Growing hope in the Arava Desert
Ketura Valley and Kibbutz Lotan. Israel
For the Ketura Wetlands Project, very young Israelis and Palestinians worked together to transform an arid valley into fertile land. The Arava Institute for Environmental Studies is a fine example of the Green Kibbutz Movement, and the wider Sustainable Management Agriculture philosophy
Please describe what you do:
I am the Project Manager of the Southern Arava Waste Management Plan (SASWMP)
SASWMP works to develop a comprehensive strategy to handle agricultural waste generated on both sides of the border between Israel and Jordan. The program’s innovative regional approach utilizes several methods to improve management of agricultural waste: technology, education, cooperation and coordination. SASWMP’s activities combine research, monitoring and groundbreaking pilot programs which work synergistically to manage waste while building young leadership prepared to handle future cross-border agricultural challenges. The project was generously is funded by the EU LIFE fund.
There are four main components of SASWMP’s work: Two Constructed Wetlands pilot programs, an eco-agricultural training program with Israel’s Jordanian neighbors, the Common Paths High School Education program for Jewish and Arab Israeli pupils, and the Agricultural Waste Business Master Plan for the Hevel Eilot Regional Council area.
I am the Financial director of the Arava Institute for Environmental Studies (AIES). AIES is a regional center for environmental leadership. By encouraging environmental cooperation between peoples, the Arava Institute is working towards peace and sustainable development on a regional and global scale. The Institute is situated on Kibbutz Ketura in Israel’s Southern Arava Valley - a desert in the Syrio-African rift near the Jordanian and Egyptian borders and the Gulf of Aqaba/Eilat. The Institute is home to academic programs, research and public involvement.
An overview of Arava Institute’s ideas and work (7′ 14”)
What do you enjoy most about what you do?
Working, assisting and cooperating with researchers, lecturers and students from the Middle East and all over the world.
What is your inspiration?
I am inspired by the passion for the environment and for coexistence of the people I work with, both in the region and the Arava Institute, and by the students of the Arava institute who come from Israel, the Palestine Authority, Jordan, North America, Europe and other countries.
Environment and economy are tied together.
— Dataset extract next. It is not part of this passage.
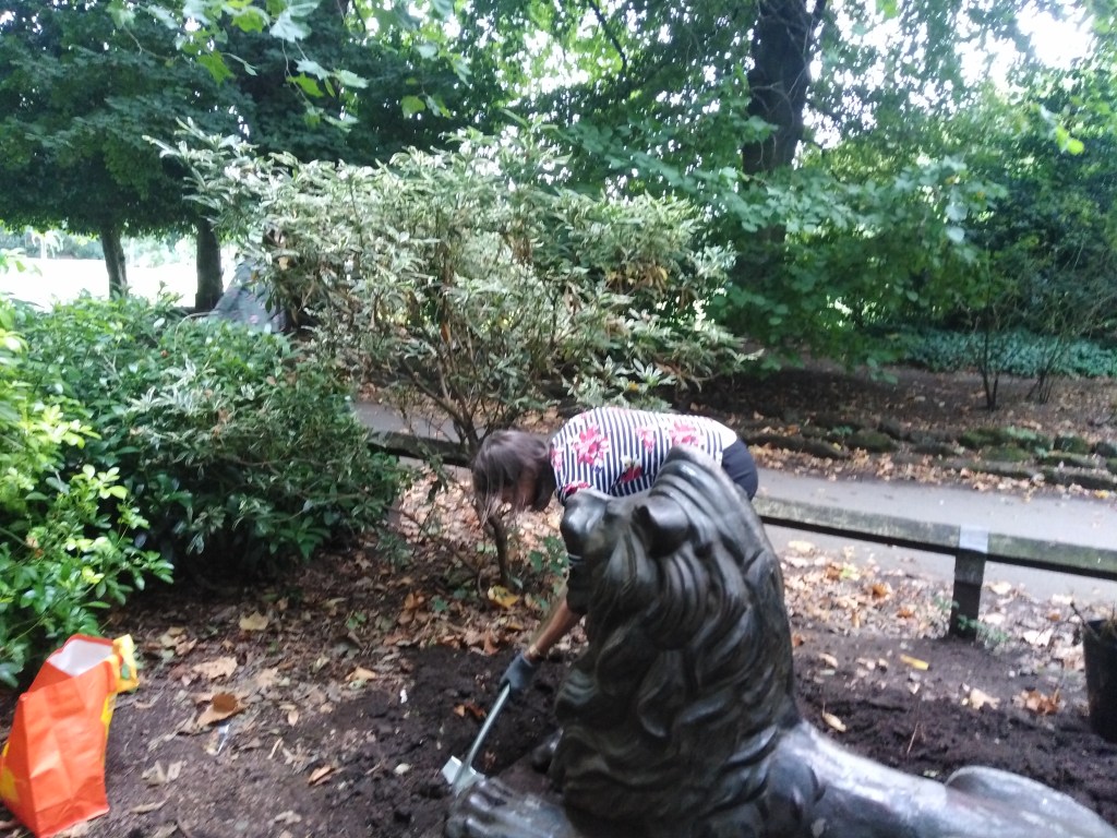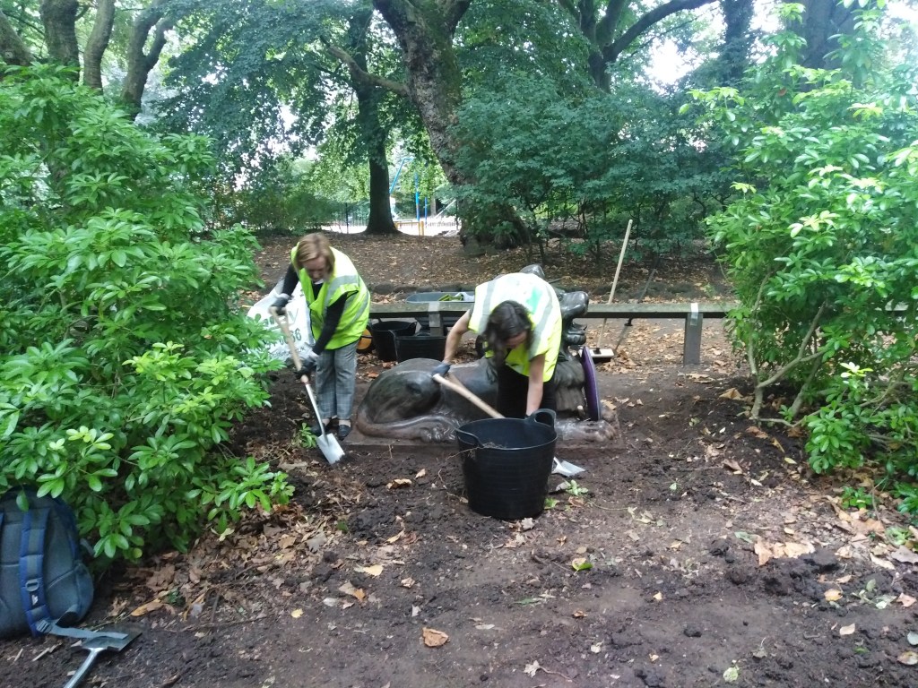The Friends have been busy this weekend beginning to clear soil around the bases of the lions in preparation for some restoration work. Local sculptor and stone carver, Nick Roberson, will be cleaning them, grinding and smoothing the bases, sorting out the paintwork and adding some bronze coloured highlights.

They’re not submitted to political borders. To ignore one of them is to endanger the balance of our existence…
How would you define luxury today? (or) What is, to you, the essence of luxury today?
The essence of luxury is:
• “quality of life” as reflected in my surroundings and immediate environment.
• The enjoyment of well made food.
• World travel
Eco-awareness is growing as is social consciousness and the need to be responsible towards our world and its people. What part do you play in this global mission?
SASWMP promotes the awareness of the need for comprehensive management of waste and actively advances solutions that serve as models for communities and regions around the world. In its work encouraging planning and management of waste at the local government level, bringing experts across boundaries to meet and solve waste issues collaboratively and educating youth to know waste issues and work together to solve them, SASWMP tackles the waste issue from several angles.
Furthermore, SASWMP is based on the Sustainable Management Agriculture philosophy, an ecological concept that places responsibility for the future of the environment and future generations at its heart. By practicing sustainability SASWMP promotes the social consciousness of environmental issues and the need to address them in socially and environmentally responsible ways.
Finally, the cross-boundary, regional perspective that SASWMP uses in all of its projects sends a strong message that people must engage each other, even in times of conflict, to solve environmental challenges – that environmental consciousness cannot stop at the border.
When and how did your project originate?
The concept was formed in 2004, based on existing regional projects, such as Common Paths and Eco-agriculture, along with the addition of the two major infrastructure projects - building constructed wetlands at Ketura Valley and Kibbutz Lotan, and a Master Plan for treating regional agriculture waste.
The concept was presented to the EU LIFE fund in 2004 and accepted as project.
Which continues to be your vision for this project?
This project promotes a simple, two-way paradigm: nature knows no borders. One direction of this paradigm relates to the necessary cooperation of the neighbors in the region (middle-east) in order to solve our major environmental challenges. The second direction relates to the immense power that a common goal can have on populations in conflict. By working on environmental solutions with our neighbors, we find common grounds.
How are your creativity and passion an important part of this project?
As in any complex long term project, involving many stakeholders, there is a need for continuous problem solving and creative thinking.
If you were to choose a colour and an adjective to describe it, what would they be?
Sky blue. Cool, calm and collected.
What is the message you wish to pass on?
Nature knows no borders. Start with your neighbors.
Name a person or place that has inspired you with their progressive vision
Dr. Shmuel Brenner – senior lecturer at AIES and prime investigator for MERC PM 2.5 air quality project.
Dr. Yael Meroz – consultant for EU LIFE projects in Israel.
Dorit Banet – head of Eilat-Eilot environment unit.